MISSFormer (35) | 81.96 | 18.20 | 86.99 | 68.65 | 85.21 | 82.00* | 94.41 | 65.67 | 91.92* | 80.81 |
MT-UNet (36) | 78.59 | 26.59 | 87.92 | 64.99 | 81.47 | 77.29 | 93.06 | 59.46 | 87.75 | 76.81 |
HiFormer (37) | 80.39 | 14.70 | 86.21 | 65.69 | 85.23 | 79.77 | 94.61 | 59.52 | 90.99 | 81.08 |
GCtx-UNet (38) | 81.95 | 16.80 | 86.96 | 66.26 | 87.75 | 83.68 | 94.53 | 61.06 | 91.42 | 83.74* |
MEW-UNet (39) | 78.92 | 16.44 | 86.68 | 65.32 | 82.87 | 80.02 | 93.63 | 58.36 | 90.19 | 74.26 |
Res2-CD-UNet | 83.92* | 14.51* | 92.24* | 68.59 | 89.50* | 80.53 | 94.68* | 72.04* | 88.77 | 79.05 |
*, the optimal results. CT, computed tomography; DSC, dice similarity coefficient; HD, Hausdorff distance; L, left; R, right; DARR, domain adaptive relational reasoning; ViT, Vision Transformer; Res2-CD-UNet, Res2Net-ConvFormer-Dilation-UNet.
Table 2
Method | DSC% | HD (mm) | PA% | MPA% | MIoU% | Parameters |
---|---|---|---|---|---|---|
MISSFormer (35) | 81.96 | 18.20 | 99.13 | 75.28 | 73.84 | 42,462,537 |
HiFormer (37) | 80.39 | 14.70 | 98.76 | 73.52 | 72.19 | 33,830,067 |
GCtx-UNet (38) | 81.95 | 16.80 | 98.89 | 75.93 | 74.21 | 12,342,168* |
MEW-UNet (39) | 78.92 | 16.44 | 98.52 | 70.76 | 68.38 | 140,268,525 |
Res2-CD-UNet | 83.92* | 14.51* | 99.26* | 76.44* | 74.50* | 111,554,993 |
*, the optimal results. CT, computed tomography; DSC, dice similarity coefficient; HD, Hausdorff distance; PA, pixel accuracy; MPA, mean pixel accuracy; MIoU, mean intersection over union; Res2-CD-UNet, Res2Net-ConvFormer-Dilation-UNet.
A qualitative comparison study was conducted using the Synapse dataset, the results of which are presented in Figure 6. The study showed that networks based solely on CNNs tend to over-segment organs. Conversely, the transformer-based models, such as Res2-CD-UNet and MissFormer, exhibited stronger image feature extraction and semantic differentiation capabilities.
Table 3 presents a comprehensive comparison of the segmentation performance of various models on the SEG.A 2023 dataset. The results revealed that the network proposed in this study achieved the highest DSC score (93.27%) and the lowest HD score (1.53 mm).
Table 3
Method | DSC% | HD (mm) | PA% | MPA% | MIoU% | Parameters |
---|---|---|---|---|---|---|
UNet (5) | 90.12 | 4.22 | 99.43 | 92.27 | 92.19 | 31,036,546 |
TransUNet (16) | 91.80 | 3.26 | 99.75 | 92.35 | 92.23 | 105,276,066 |
HiFormer (37) | 92.17 | 2.34 | 99.87 | 93.12 | 93.04 | 33,830,067 |
GCtx-UNet (38) | 90.23 | 3.42 | 99.59 | 92.84 | 92.78 | 12,342,168* |
MEW-UNet (39) | 90.43 | 1.86 | 99.89 | 93.54 | 92.13 | 140,268,525 |
Res2-CD-UNet | 93.27* | 1.53* | 99.92* | 93.80* | 93.57* | 111,554,993 |
*, the optimal results. DSC, dice similarity coefficient; HD, Hausdorff distance; PA, pixel accuracy; MPA, mean pixel accuracy; MIoU, mean intersection over union; Res2-CD-UNet, Res2Net-ConvFormer-Dilation-UNet.
Discussion
Comparison with state-of-the-art networks
In this study, we proposed a multi-scale feature extraction medical image segmentation model.

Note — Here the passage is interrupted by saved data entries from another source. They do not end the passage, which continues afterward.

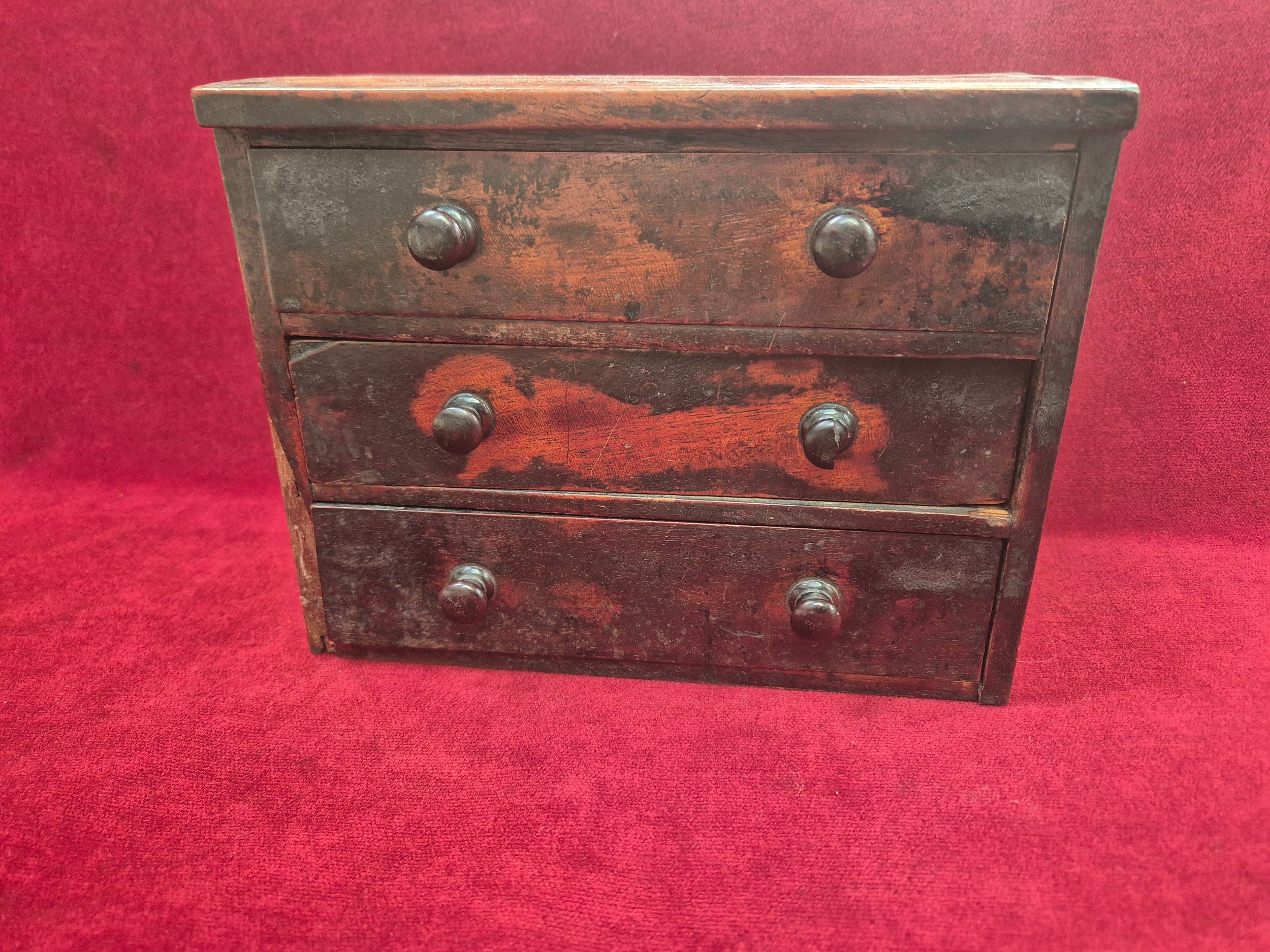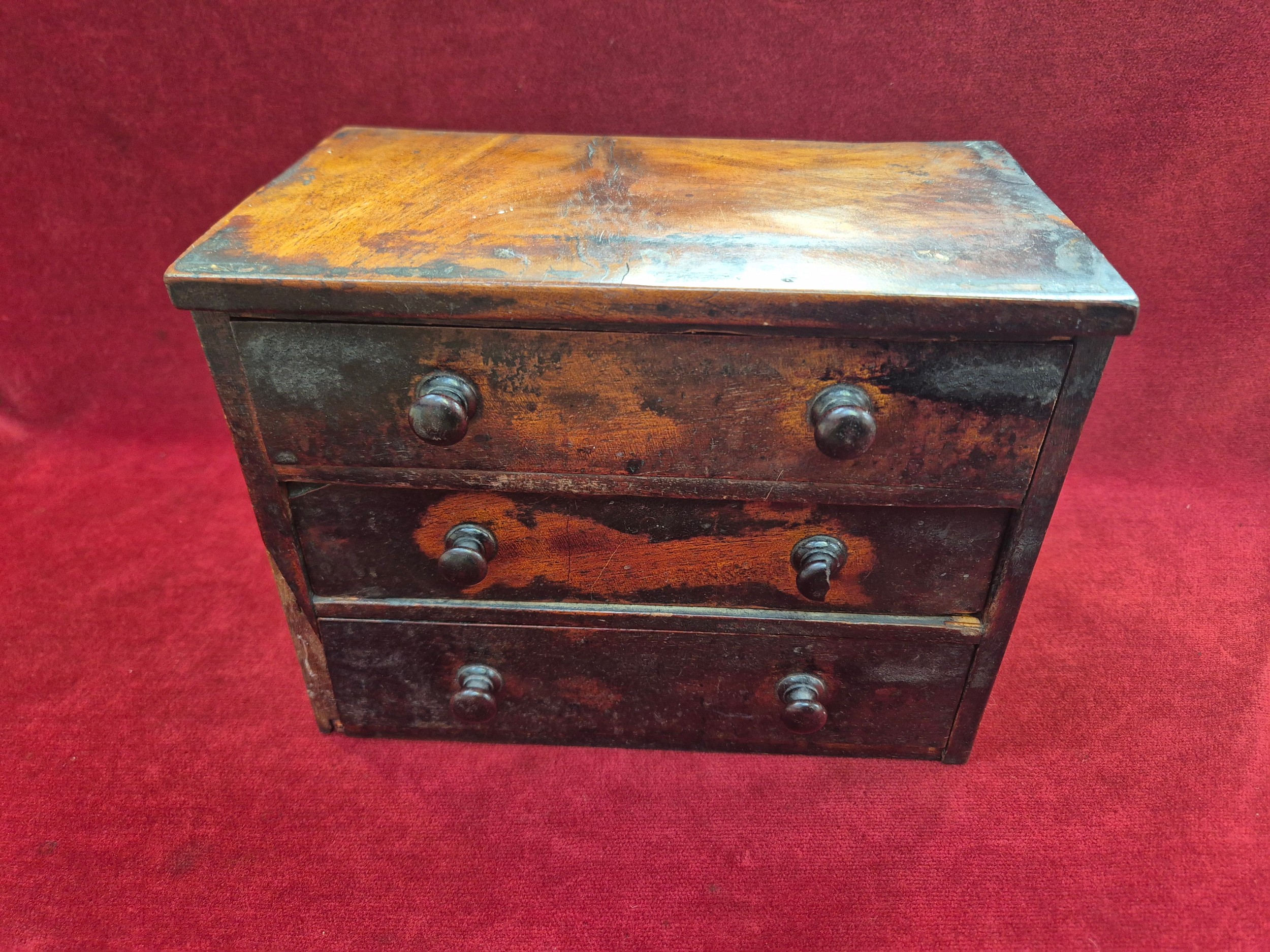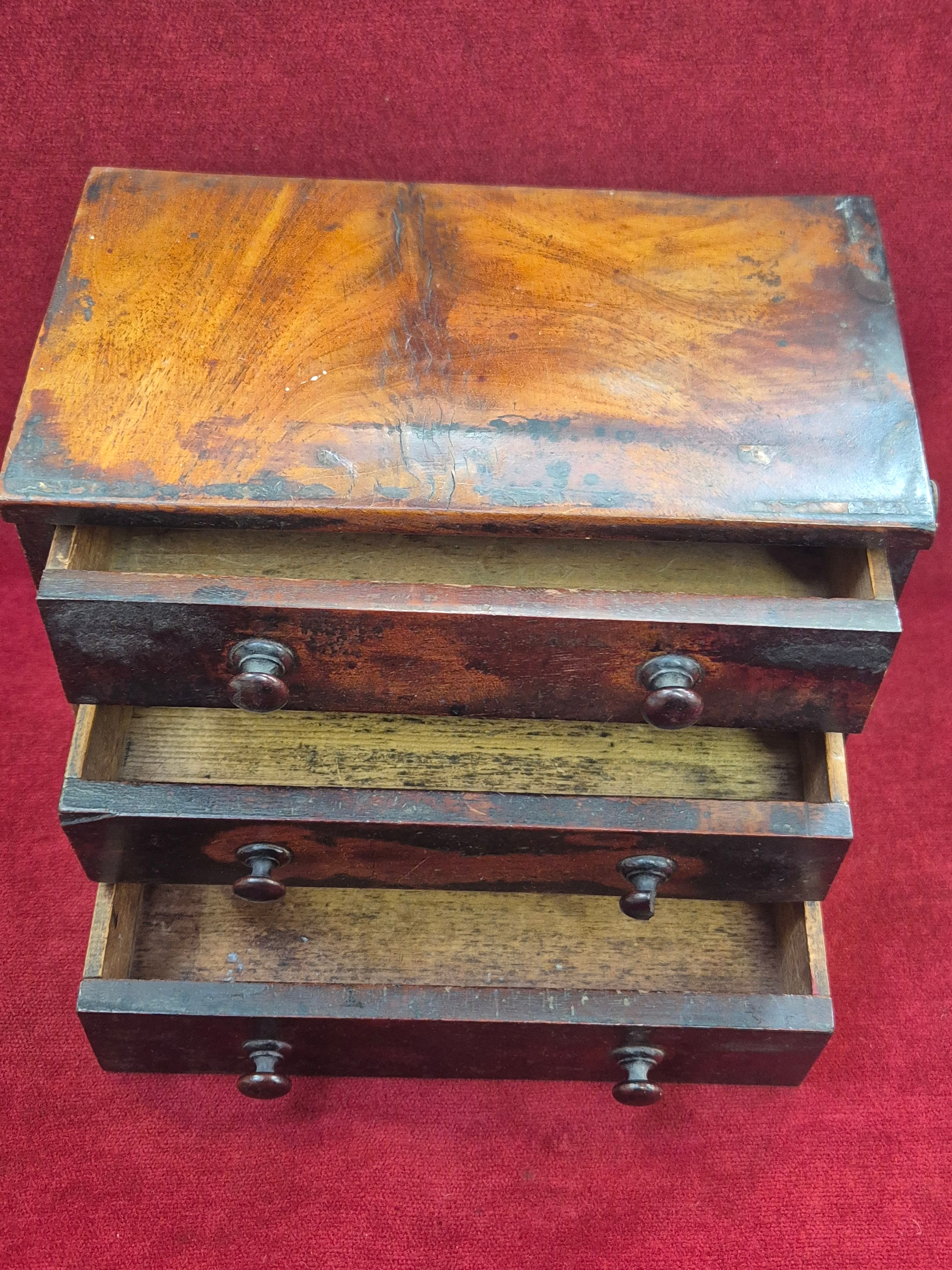 A 19th Century Mahogany Miniature Chest of Drawers - wonderful old patina. 23cm x 13cm x 18cm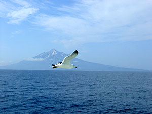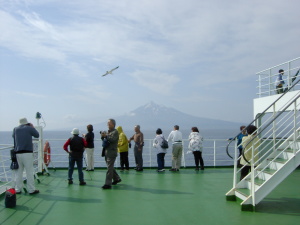 利尻富士が見えた。エサをねだりにゴメさんがやってくる。いよいよ島へ渡るんだという実感が沸いてくる。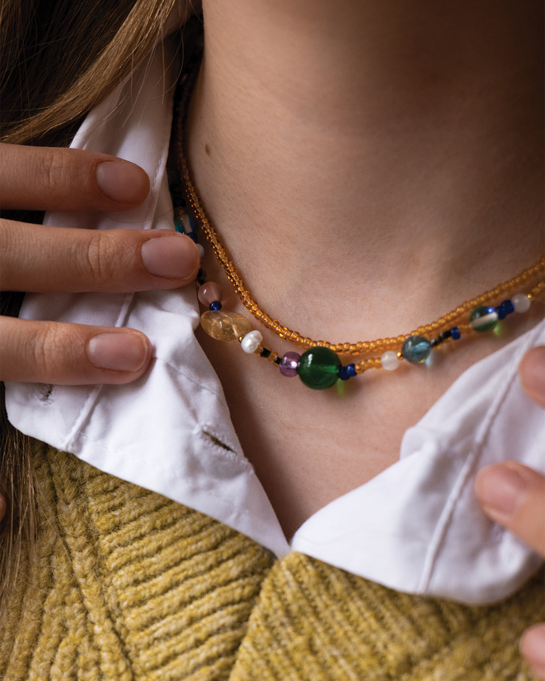 Unsere Amber Necklace überzeugt durch ihre wunderschönen bernsteinfarbenen Perlen. Durch die eher kleineren Perlen lässt sich unsere Amber Necklace perfekt mit anderen Ketten kombinieren.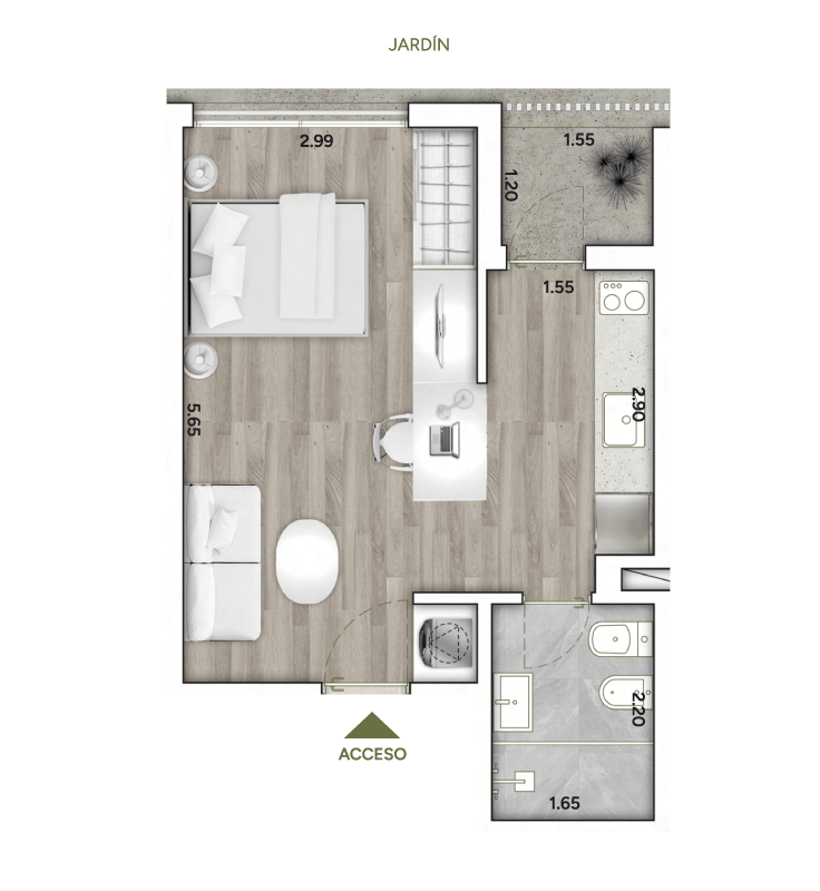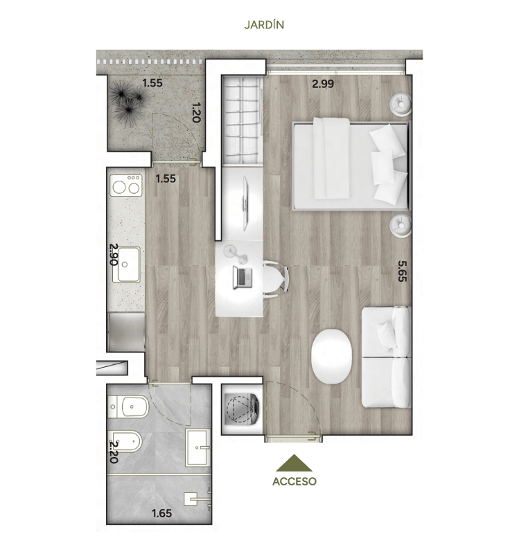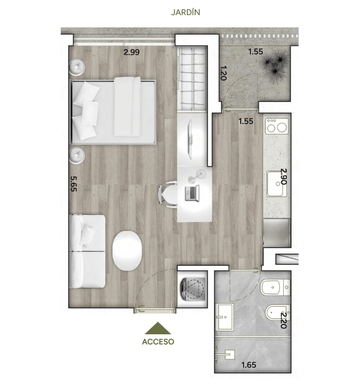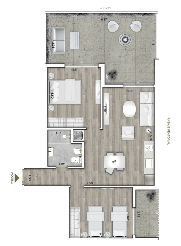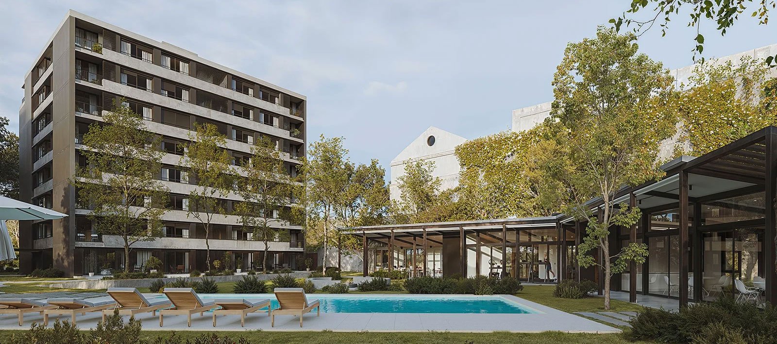 Puerta Jardín es un proyecto inspirado en la naturaleza, de estilo sobrio y atemporal, que cede el protagonismo a un jardín de cuidado paisajismo de 2.300 m², respetando la esencia de un barrio que guarda la rica historia arquitectónica de Montevideo y se integra a la tradición de espacios ajardinados característicos de la zona.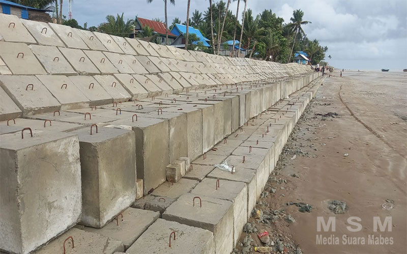 “Pekerjaan konstruksi pengaman pantai dengan panjang 150.m, saat ini telah selesai sesuai kontrak, bahkan pekerjaan pengaman Pantai ini sudah rampung sejak bulan kemarin, artinya selesai sebelum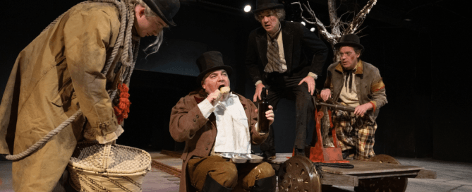 Despite pacing issues, Bas Bleu Theatre's production of Waiting for Godot is elevated by strong performances and innovative design.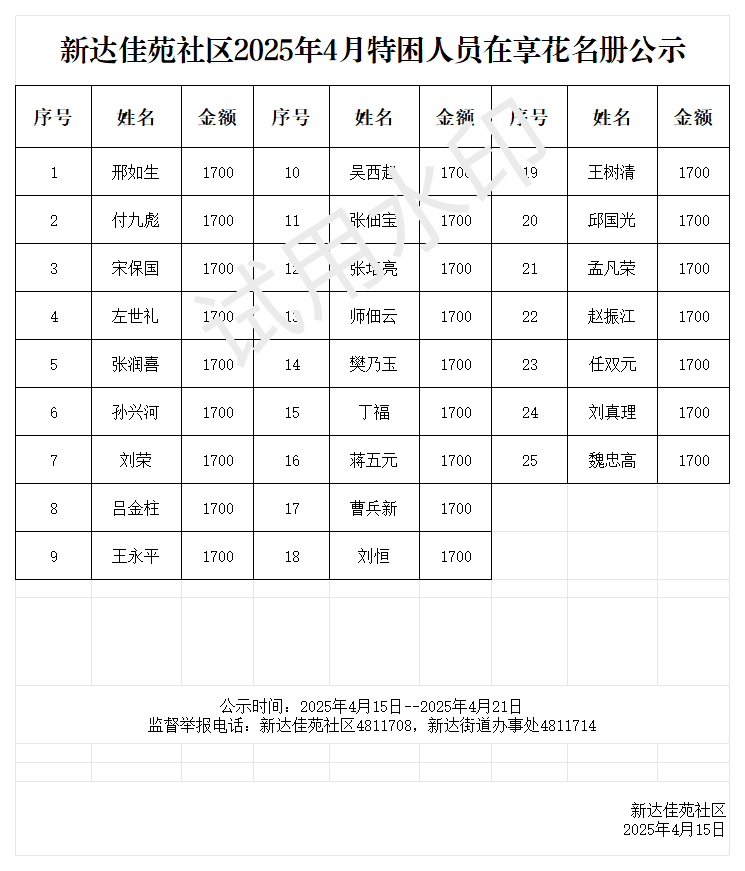 下一篇:【居务公开】新达佳苑社区2025年4月低保金发放情况公示
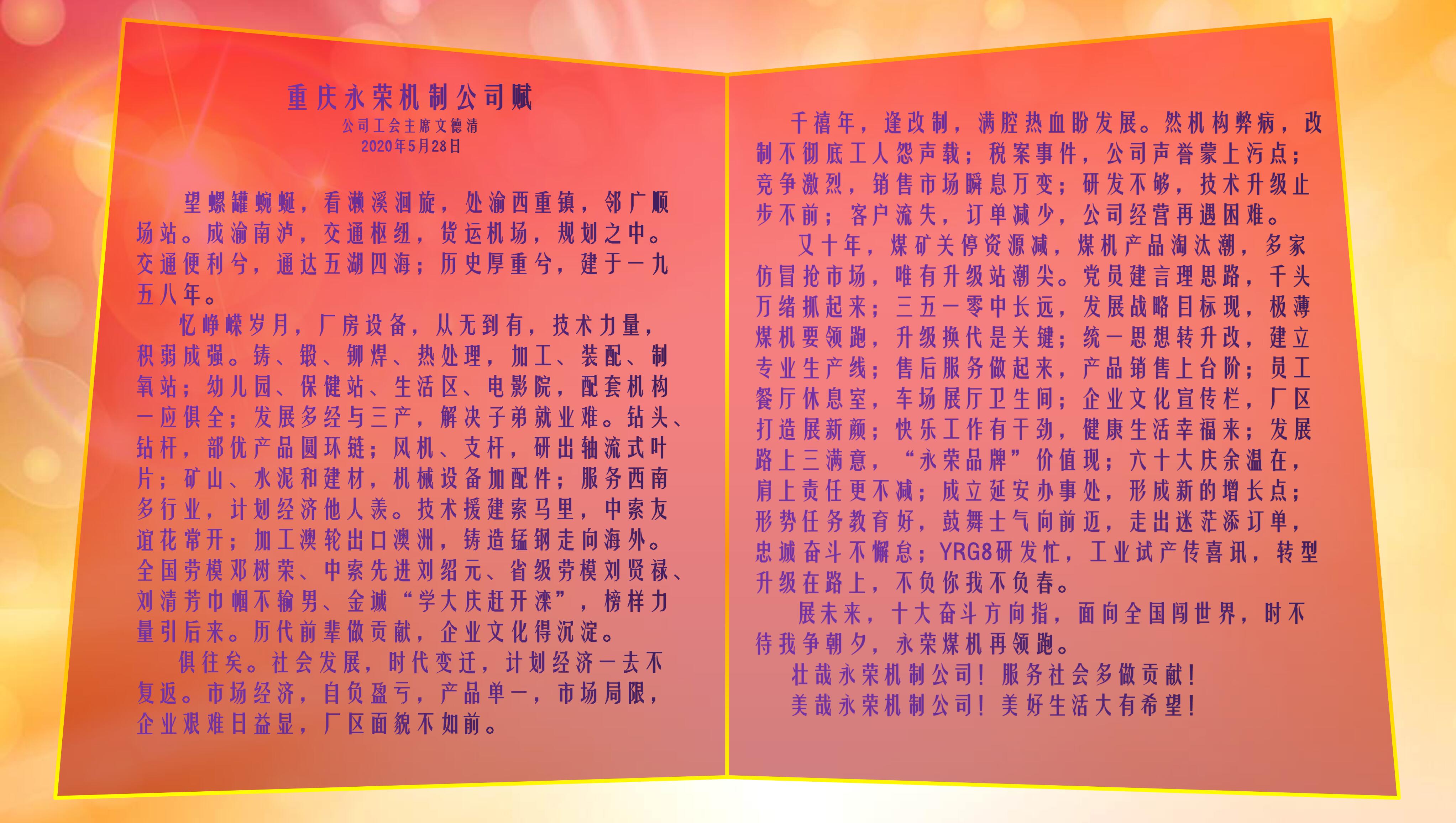 又十年,煤礦關(guān)停資源減,煤機(jī)產(chǎn)品淘汰潮,多家仿冒搶市場,唯有升級站潮尖。黨員建言理思路,千頭萬緒抓起來;三五一零中長遠(yuǎn),發(fā)展戰(zhàn)略目標(biāo)現(xiàn),極薄煤機(jī)要領(lǐng)跑,升級換代是關(guān)鍵;統(tǒng)一思想轉(zhuǎn)升改,建立專業(yè)生產(chǎn)線;售后服務(wù)做起來,產(chǎn)品銷售上臺階;員工餐廳休息室,車場展廳衛(wèi)生間;企業(yè)文化宣傳欄,廠區(qū)打造展新顏;快樂工作有干勁,健康生活幸福來;發(fā)展路上三滿意,“永榮品牌”價(jià)值現(xiàn);六十大慶余溫在,肩上責(zé)任更不減;成立延安辦事處,形成新的增長點(diǎn);形勢任務(wù)教育好,鼓舞士氣向前邁,走出迷茫添訂單,忠誠奮斗不懈??;YRG8研發(fā)忙,工業(yè)試產(chǎn)傳喜訊,轉(zhuǎn)型升級在路上,不負(fù)你我不負(fù)春。

To validate its effectiveness, we compared it against 12 state-of-the-art networks [i.e., DARR (32), U-Net (5), Att-UNet (33), ViT (10), TransUNet (16), Swin-Unet (17), LeViT-UNet (34), MISSFormer (35), MT-UNet (36) and HiFormer (37), GCtx-UNet (38), and MEW-UNet (39)] using the Synapse dataset. Among these, DARR (32), U-Net (5), and Att-UNet (33) are CNN-based methods; Swin-Unet (17), ViT (10), and MISSFormer (35) are pure Transformer-based methods; TransUNet (16), LeViT-UNet (34), MT-UNet (36), HiFormer (37), GCtx-UNet (38), and MEW-UNet (39) are CNN-Transformer hybrid methods; and Att-UNet (33) and MISSFormer (35) use an improved skip connection to enhance their feature extraction capability.
In the Synapse dataset, the average DSC score for Res2-CD-UNet was 83.92%. Thus, with a higher DSC score than all the other methods, the proposed network outperformed all the other networks. The range of improvement in performance varied from 1.96% to 14.15%. Further, the average HD for Res2-CD-UNet was 14.51 mm, which was lower than that of any other model. The proposed network also showed exceptional performance in relation to the DSC values for individual organs. Among the eight organs, four achieved optimal results, with the aorta scoring 92.24%, the left kidney scoring 89.50%, the liver scoring 94.68%, and the pancreas scoring 72.04%. However, one organ showed suboptimal results (i.e., the kidney scored only 80.53%).
We also observed an increase of 4.79% in the average DSC and an increase of 7.04 mm in the average HD over Swin-Unet (17), which is a pure Transformer-based model. In comparison to HiFormer (37), which is a CNN-Transformer hybrid method, Res2-CD-UNet showed an improvement of 3.53% and 0.19 mm in the average DSC and HD, respectively. Further, the average DSC and HD improved by 1.96% and 3.69 mm, respectively, compared to MissFormer (35). These results showed that Res2-CD-UNet had superior multi-scale feature extraction capability and segmentation accuracy than the other networks.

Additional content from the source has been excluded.